Three items measure the level of doubt and uncertainty a consumer has with the veracity of some stimulus. In the study by Babin, Boles, and Darden (1995), the stimulus being evaluated was a car salesperson as described in some text. In the study by Taylor, Halstead, and Haynes (2010), the focus was on the "marketer" who supposedly had placed a certain ad in a telephone directory.
The scale is composed of four statements with a seven-point Likert-type response format and is intended to measure the degree to which a person is doubtful that a claim by a marketer is true.
Seven, seven-point Likert-type items are used to measure the degree to which a person believes that an advertisement contains price information that is not correct and, in fact, the retailer is intentionally trying to deceive consumers.
The nine item, five-point Likert-type scale measures a consumer's general disbelief of advertising claims.

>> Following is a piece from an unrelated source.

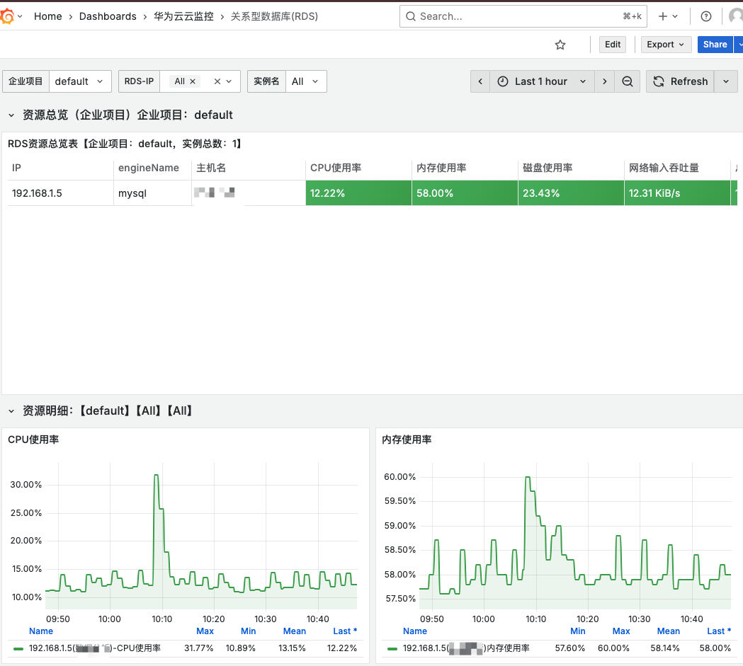 华为云云产品Grafana Dashboard模块地址: https://github.com/huaweicloud/cloudeye-exporter/tree/br_release_sdk_v3/grafana_dashboard/templates ,选择你要的template.json再导入到Grafana中,即可看到效果
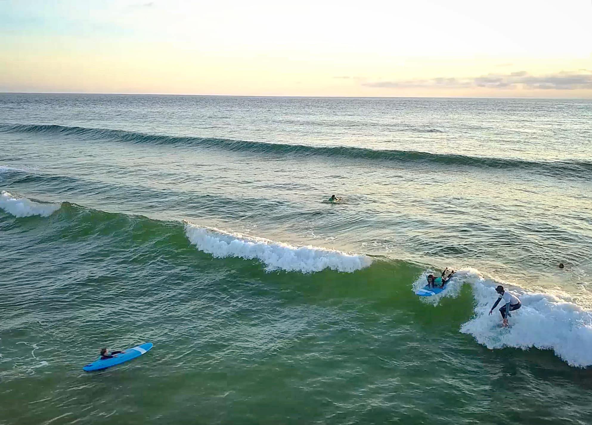Venez profitez de l'océan et de ses bienfaits en famille, entre amis en groupe ou en solo lors de cours de surf encadrés par des moniteurs diplômés et expérimentés. Nous proposons des cours collectifs, particuliers, des stages à la semaine, de la location de matériel, mais surtout des expériences inoubliables.

It is not intended to be specific to any one medium but, instead, to be a consumer's view of how the marketplace as a whole operates.
The scale is composed of ten, semantic differential phrases measuring a person's reaction to an ad he/she has been exposed to with the emphasis on the negative types of feelings that were experienced.
This measure is composed of several uni-polar items and is purported to measure the degree of negative feelings a consumer reports experiencing when exposed to a specific advertisement. The scale has been used over time with varying numbers of items.
There is an important distinction between this measure and attitude-toward-the-ad. As Mooradian stated in the directions used with his scale, subjects were to describe "reactions to the ad, not to how you would describe the ad" (1996, p. 101). Admittedly, there should be a high correspondence between the two but they are still theoretically distinct constructs.